▸ **Source records**
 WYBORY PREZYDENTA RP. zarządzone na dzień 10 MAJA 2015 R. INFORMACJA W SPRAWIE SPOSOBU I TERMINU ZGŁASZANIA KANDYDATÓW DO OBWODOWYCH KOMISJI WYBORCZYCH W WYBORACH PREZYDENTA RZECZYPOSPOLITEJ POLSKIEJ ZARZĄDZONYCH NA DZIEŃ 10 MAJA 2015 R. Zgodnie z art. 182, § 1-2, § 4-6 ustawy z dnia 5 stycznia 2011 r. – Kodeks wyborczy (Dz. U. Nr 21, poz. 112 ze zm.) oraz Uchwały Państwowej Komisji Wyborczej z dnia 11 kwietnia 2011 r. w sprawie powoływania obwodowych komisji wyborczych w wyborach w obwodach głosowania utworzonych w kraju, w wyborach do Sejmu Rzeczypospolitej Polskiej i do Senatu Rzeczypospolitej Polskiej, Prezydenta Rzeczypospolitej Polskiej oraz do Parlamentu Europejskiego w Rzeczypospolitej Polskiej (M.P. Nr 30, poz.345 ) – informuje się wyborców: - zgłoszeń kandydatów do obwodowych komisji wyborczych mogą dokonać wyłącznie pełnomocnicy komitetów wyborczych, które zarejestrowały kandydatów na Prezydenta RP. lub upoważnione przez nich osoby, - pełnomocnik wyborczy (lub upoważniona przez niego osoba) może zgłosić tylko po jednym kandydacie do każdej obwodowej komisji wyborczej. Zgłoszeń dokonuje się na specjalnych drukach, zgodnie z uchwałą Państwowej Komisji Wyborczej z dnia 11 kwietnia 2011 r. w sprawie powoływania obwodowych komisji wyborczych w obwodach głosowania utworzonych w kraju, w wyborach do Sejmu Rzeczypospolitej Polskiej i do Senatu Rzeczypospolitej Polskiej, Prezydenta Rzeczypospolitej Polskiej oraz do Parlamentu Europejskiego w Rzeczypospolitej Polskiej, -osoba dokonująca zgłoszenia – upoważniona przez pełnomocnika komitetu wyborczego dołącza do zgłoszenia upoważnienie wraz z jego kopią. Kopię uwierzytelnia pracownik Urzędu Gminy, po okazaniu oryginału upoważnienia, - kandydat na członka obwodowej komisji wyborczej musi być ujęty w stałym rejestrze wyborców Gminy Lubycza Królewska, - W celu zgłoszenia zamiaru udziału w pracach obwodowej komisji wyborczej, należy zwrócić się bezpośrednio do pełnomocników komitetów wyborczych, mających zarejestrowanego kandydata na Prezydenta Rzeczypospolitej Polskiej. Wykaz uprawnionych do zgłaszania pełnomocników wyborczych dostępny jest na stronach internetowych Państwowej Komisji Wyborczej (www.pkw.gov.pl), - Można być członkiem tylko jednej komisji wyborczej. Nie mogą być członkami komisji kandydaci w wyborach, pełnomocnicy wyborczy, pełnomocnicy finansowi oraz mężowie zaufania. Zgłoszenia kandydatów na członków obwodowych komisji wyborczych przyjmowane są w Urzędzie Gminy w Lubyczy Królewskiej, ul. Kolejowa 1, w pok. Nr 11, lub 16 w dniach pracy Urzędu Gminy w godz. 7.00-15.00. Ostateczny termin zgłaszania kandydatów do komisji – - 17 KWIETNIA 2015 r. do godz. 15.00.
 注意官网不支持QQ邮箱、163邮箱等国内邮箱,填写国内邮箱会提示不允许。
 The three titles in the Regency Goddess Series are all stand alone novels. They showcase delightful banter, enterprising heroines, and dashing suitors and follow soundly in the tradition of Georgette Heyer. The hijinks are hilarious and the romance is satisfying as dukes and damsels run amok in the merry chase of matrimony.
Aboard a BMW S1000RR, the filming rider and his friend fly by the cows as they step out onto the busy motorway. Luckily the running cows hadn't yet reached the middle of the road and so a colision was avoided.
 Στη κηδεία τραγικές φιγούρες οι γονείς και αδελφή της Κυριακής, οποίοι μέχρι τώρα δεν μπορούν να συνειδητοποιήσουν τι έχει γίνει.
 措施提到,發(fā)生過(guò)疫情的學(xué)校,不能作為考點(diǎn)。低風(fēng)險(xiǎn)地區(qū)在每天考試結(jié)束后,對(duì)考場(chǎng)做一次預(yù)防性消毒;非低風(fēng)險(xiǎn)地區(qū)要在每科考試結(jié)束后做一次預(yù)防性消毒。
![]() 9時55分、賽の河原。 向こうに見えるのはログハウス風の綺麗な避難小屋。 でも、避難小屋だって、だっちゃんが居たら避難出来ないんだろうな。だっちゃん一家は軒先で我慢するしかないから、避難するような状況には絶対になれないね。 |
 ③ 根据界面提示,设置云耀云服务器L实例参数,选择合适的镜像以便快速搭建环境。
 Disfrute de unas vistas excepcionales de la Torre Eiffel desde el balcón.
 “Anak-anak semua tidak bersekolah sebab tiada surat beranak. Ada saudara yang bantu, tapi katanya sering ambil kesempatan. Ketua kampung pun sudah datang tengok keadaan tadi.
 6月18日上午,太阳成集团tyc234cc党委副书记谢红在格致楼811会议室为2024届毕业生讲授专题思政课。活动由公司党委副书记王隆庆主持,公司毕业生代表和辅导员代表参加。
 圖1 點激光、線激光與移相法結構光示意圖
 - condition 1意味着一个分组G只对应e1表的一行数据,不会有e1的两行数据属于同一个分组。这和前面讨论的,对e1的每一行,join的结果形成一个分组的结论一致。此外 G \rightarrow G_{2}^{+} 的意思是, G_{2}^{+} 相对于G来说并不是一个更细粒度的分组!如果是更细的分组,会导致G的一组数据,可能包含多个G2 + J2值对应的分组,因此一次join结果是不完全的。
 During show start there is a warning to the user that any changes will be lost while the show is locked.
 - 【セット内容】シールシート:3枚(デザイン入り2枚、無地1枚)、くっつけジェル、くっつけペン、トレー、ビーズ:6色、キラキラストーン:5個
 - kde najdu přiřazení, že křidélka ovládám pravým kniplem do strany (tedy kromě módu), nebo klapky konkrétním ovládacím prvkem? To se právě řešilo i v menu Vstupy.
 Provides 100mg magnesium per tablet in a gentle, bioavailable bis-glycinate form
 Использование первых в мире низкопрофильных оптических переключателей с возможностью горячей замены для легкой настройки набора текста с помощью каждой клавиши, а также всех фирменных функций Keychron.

▸ **What is being asked**
In the listing above, find the line with "Στη κηδεία τραγικές" and the line with "Provides 100mg magnesium"; set down exactly those two lines and every line between them, nothing more.

▸ **Response below**
 Στη κηδεία τραγικές φιγούρες οι γονείς και αδελφή της Κυριακής, οποίοι μέχρι τώρα δεν μπορούν να συνειδητοποιήσουν τι έχει γίνει.
 措施提到,發(fā)生過(guò)疫情的學(xué)校,不能作為考點(diǎn)。低風(fēng)險(xiǎn)地區(qū)在每天考試結(jié)束后,對(duì)考場(chǎng)做一次預(yù)防性消毒;非低風(fēng)險(xiǎn)地區(qū)要在每科考試結(jié)束后做一次預(yù)防性消毒。
![]() 9時55分、賽の河原。 向こうに見えるのはログハウス風の綺麗な避難小屋。 でも、避難小屋だって、だっちゃんが居たら避難出来ないんだろうな。だっちゃん一家は軒先で我慢するしかないから、避難するような状況には絶対になれないね。 |
 ③ 根据界面提示,设置云耀云服务器L实例参数,选择合适的镜像以便快速搭建环境。
 Disfrute de unas vistas excepcionales de la Torre Eiffel desde el balcón.
 “Anak-anak semua tidak bersekolah sebab tiada surat beranak. Ada saudara yang bantu, tapi katanya sering ambil kesempatan. Ketua kampung pun sudah datang tengok keadaan tadi.
 6月18日上午,太阳成集团tyc234cc党委副书记谢红在格致楼811会议室为2024届毕业生讲授专题思政课。活动由公司党委副书记王隆庆主持,公司毕业生代表和辅导员代表参加。
 圖1 點激光、線激光與移相法結構光示意圖
 - condition 1意味着一个分组G只对应e1表的一行数据,不会有e1的两行数据属于同一个分组。这和前面讨论的,对e1的每一行,join的结果形成一个分组的结论一致。此外 G \rightarrow G_{2}^{+} 的意思是, G_{2}^{+} 相对于G来说并不是一个更细粒度的分组!如果是更细的分组,会导致G的一组数据,可能包含多个G2 + J2值对应的分组,因此一次join结果是不完全的。
 During show start there is a warning to the user that any changes will be lost while the show is locked.
 - 【セット内容】シールシート:3枚(デザイン入り2枚、無地1枚)、くっつけジェル、くっつけペン、トレー、ビーズ:6色、キラキラストーン:5個
 - kde najdu přiřazení, že křidélka ovládám pravým kniplem do strany (tedy kromě módu), nebo klapky konkrétním ovládacím prvkem? To se právě řešilo i v menu Vstupy.
 Provides 100mg magnesium per tablet in a gentle, bioavailable bis-glycinate form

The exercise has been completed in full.